Role Overview:
We are seeking a skilled and proactive Databricks Production Support Analyst to join the DIA (Data, Insights & Automation) track supporting enterprise-wide data platforms. This role involves ensuring the reliability, performance, and availability of Databricks environments as part of a broader data ecosystem.
Key Responsibilities:
Provide L2/L3 production support for Databricks notebooks, clusters, jobs, and pipelines.
Monitor job executions and system performance, ensuring SLAs are met and issues are resolved promptly.
Manage incidents, service requests, and perform root cause analysis for recurring issues.

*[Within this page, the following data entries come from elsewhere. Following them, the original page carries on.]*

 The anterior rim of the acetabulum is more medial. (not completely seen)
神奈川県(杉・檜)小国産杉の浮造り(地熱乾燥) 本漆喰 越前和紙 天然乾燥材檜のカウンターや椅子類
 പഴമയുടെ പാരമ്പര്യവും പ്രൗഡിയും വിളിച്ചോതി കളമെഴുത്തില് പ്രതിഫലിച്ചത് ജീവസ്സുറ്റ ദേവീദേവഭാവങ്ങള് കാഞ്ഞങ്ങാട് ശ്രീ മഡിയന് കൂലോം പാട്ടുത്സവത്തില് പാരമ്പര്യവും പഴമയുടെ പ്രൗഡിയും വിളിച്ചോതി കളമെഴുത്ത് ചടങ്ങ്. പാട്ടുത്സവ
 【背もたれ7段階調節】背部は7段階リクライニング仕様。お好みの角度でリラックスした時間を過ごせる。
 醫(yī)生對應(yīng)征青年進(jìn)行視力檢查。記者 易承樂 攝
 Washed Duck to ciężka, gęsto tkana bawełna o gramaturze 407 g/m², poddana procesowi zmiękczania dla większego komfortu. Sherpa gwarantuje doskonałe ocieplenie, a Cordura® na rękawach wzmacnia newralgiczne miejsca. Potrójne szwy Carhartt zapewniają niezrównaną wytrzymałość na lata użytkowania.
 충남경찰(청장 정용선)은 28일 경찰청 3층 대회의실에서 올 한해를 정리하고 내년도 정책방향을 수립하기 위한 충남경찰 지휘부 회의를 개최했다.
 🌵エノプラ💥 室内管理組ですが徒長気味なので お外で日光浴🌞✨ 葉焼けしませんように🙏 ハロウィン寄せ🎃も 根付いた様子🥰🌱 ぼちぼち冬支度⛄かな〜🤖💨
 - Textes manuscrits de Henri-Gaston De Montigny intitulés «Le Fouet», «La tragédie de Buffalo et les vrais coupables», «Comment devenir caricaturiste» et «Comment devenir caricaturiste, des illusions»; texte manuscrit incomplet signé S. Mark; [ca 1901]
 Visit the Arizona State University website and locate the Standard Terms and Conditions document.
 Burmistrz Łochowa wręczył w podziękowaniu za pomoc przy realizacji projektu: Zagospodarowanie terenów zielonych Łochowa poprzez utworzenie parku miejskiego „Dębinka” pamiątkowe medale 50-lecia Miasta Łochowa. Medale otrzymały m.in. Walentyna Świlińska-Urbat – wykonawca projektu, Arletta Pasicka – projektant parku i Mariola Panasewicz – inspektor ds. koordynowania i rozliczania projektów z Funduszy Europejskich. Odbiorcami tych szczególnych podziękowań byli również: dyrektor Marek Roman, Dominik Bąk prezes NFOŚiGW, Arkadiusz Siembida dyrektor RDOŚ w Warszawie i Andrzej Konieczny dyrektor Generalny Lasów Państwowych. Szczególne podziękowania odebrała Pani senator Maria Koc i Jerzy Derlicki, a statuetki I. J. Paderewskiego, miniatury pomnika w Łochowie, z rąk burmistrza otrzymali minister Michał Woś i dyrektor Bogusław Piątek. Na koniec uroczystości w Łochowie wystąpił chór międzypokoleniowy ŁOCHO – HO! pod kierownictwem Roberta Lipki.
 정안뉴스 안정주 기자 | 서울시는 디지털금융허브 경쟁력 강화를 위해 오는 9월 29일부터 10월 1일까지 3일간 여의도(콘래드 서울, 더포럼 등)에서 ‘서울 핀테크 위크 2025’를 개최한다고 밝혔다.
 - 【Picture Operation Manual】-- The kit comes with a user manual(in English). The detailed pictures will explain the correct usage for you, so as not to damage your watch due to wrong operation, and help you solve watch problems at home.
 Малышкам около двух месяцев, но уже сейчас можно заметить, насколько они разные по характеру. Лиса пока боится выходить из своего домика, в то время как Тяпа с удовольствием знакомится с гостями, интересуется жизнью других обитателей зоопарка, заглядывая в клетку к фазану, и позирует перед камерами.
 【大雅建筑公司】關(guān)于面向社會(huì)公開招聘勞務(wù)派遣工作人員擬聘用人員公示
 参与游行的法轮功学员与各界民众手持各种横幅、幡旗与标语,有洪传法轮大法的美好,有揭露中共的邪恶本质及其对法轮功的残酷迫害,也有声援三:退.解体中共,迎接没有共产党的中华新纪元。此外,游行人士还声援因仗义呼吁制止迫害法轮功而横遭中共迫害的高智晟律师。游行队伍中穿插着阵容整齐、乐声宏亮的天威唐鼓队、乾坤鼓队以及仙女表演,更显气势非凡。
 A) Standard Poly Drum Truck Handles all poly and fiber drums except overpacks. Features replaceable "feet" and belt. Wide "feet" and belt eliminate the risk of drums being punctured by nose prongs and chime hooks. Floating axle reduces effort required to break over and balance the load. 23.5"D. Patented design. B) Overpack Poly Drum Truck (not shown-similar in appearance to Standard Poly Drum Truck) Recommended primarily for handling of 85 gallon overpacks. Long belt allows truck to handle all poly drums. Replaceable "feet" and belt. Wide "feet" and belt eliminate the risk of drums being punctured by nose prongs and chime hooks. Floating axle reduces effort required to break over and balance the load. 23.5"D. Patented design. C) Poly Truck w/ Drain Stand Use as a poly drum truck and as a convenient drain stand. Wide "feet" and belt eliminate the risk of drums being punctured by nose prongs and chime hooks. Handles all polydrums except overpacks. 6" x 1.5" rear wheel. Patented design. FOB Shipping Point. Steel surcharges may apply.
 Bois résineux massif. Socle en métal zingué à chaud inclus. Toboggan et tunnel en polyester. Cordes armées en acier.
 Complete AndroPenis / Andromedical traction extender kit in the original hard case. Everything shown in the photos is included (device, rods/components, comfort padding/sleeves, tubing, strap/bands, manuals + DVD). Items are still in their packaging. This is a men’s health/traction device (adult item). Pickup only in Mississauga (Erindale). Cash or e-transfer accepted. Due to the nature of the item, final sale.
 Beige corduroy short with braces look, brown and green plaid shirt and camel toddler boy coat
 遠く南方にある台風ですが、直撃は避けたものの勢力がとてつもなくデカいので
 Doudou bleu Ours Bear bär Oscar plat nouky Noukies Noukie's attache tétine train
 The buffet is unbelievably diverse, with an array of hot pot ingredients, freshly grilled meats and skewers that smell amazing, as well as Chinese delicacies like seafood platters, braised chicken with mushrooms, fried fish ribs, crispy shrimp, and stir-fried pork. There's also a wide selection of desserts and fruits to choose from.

Support data pipelines developed using Spark, Python, and integrated tools.
Collaborate with data engineering teams to optimize performance and ensure data quality.
Assist with minor enhancements, version upgrades, migration support, and regression testing.
Implement SOP-based bots and AI/ML tools for proactive issue detection and resolution.
Maintain documentation, contribute to the knowledge base, and support onboarding of new team members.
Key Skills & Technologies:
Hands-on experience with Databricks, Spark, and Python in a production support environment.
Strong understanding of data lake architectures and cloud-based data platforms.
Experience in monitoring and managing cluster performance and pipeline health.
Familiarity with Cloudera Hadoop, Tableau, Postgres, and Cloudera Data Science Workbench is a plus.
Exposure to incident management tools like ServiceNow.
Ability to analyze and resolve data quality, access, and performance issues.
Willingness to work in rotational shifts and ensure 24x7 availability as required.
Nice to Have:
Experience with AI/ML-driven incident management and automation tools.
Understanding of low-code platforms like Mendix or Appian and integration with Databricks.